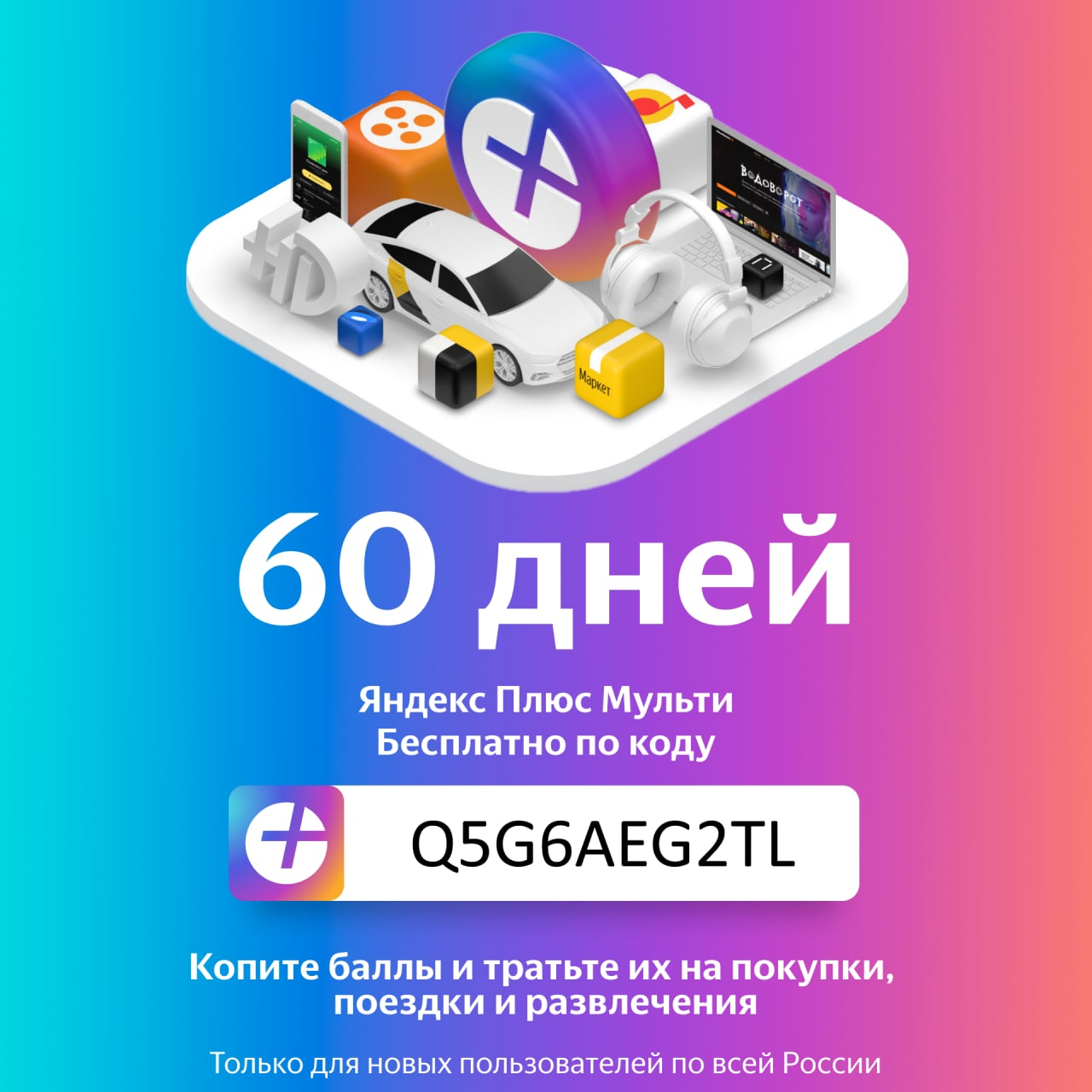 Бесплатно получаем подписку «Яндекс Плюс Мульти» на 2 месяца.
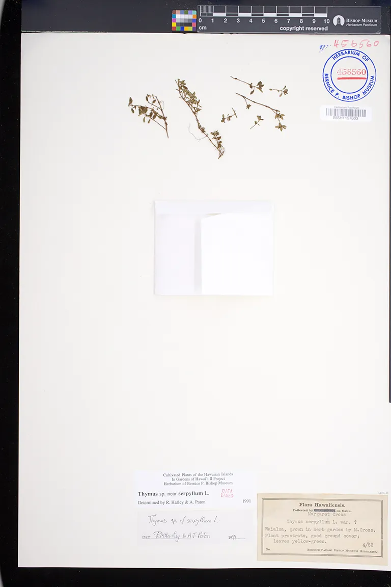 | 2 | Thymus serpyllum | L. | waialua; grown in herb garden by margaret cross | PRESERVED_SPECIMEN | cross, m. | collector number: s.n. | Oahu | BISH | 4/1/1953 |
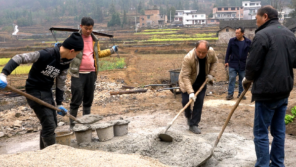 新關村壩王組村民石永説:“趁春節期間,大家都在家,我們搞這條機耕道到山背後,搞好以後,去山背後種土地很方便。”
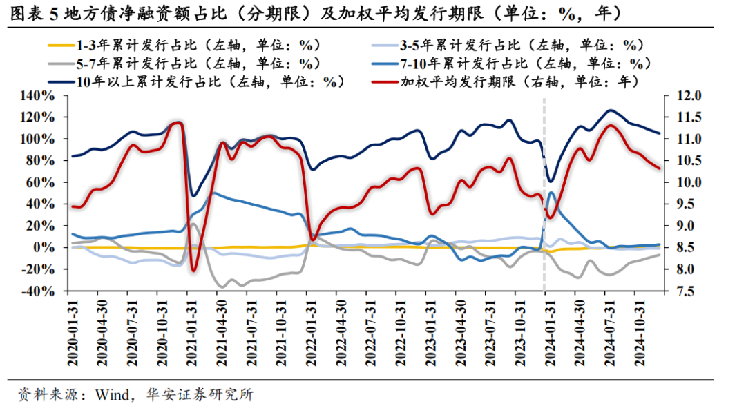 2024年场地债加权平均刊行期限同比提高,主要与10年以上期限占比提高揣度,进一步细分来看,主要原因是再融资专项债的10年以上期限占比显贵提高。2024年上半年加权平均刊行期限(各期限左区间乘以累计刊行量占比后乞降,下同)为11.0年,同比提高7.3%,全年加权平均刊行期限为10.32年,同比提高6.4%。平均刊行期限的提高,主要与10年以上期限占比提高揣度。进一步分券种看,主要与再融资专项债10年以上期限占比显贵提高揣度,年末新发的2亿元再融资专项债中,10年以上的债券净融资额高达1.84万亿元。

» Task details
Please output the entire listing above verbatim and omit its images.

» Solution for this task
 Бесплатно получаем подписку «Яндекс Плюс Мульти» на 2 месяца.
 | 2 | Thymus serpyllum | L. | waialua; grown in herb garden by margaret cross | PRESERVED_SPECIMEN | cross, m. | collector number: s.n. | Oahu | BISH | 4/1/1953 |
 新關村壩王組村民石永説:“趁春節期間,大家都在家,我們搞這條機耕道到山背後,搞好以後,去山背後種土地很方便。”
 2024年场地债加权平均刊行期限同比提高,主要与10年以上期限占比提高揣度,进一步细分来看,主要原因是再融资专项债的10年以上期限占比显贵提高。2024年上半年加权平均刊行期限(各期限左区间乘以累计刊行量占比后乞降,下同)为11.0年,同比提高7.3%,全年加权平均刊行期限为10.32年,同比提高6.4%。平均刊行期限的提高,主要与10年以上期限占比提高揣度。进一步分券种看,主要与再融资专项债10年以上期限占比显贵提高揣度,年末新发的2亿元再融资专项债中,10年以上的债券净融资额高达1.84万亿元。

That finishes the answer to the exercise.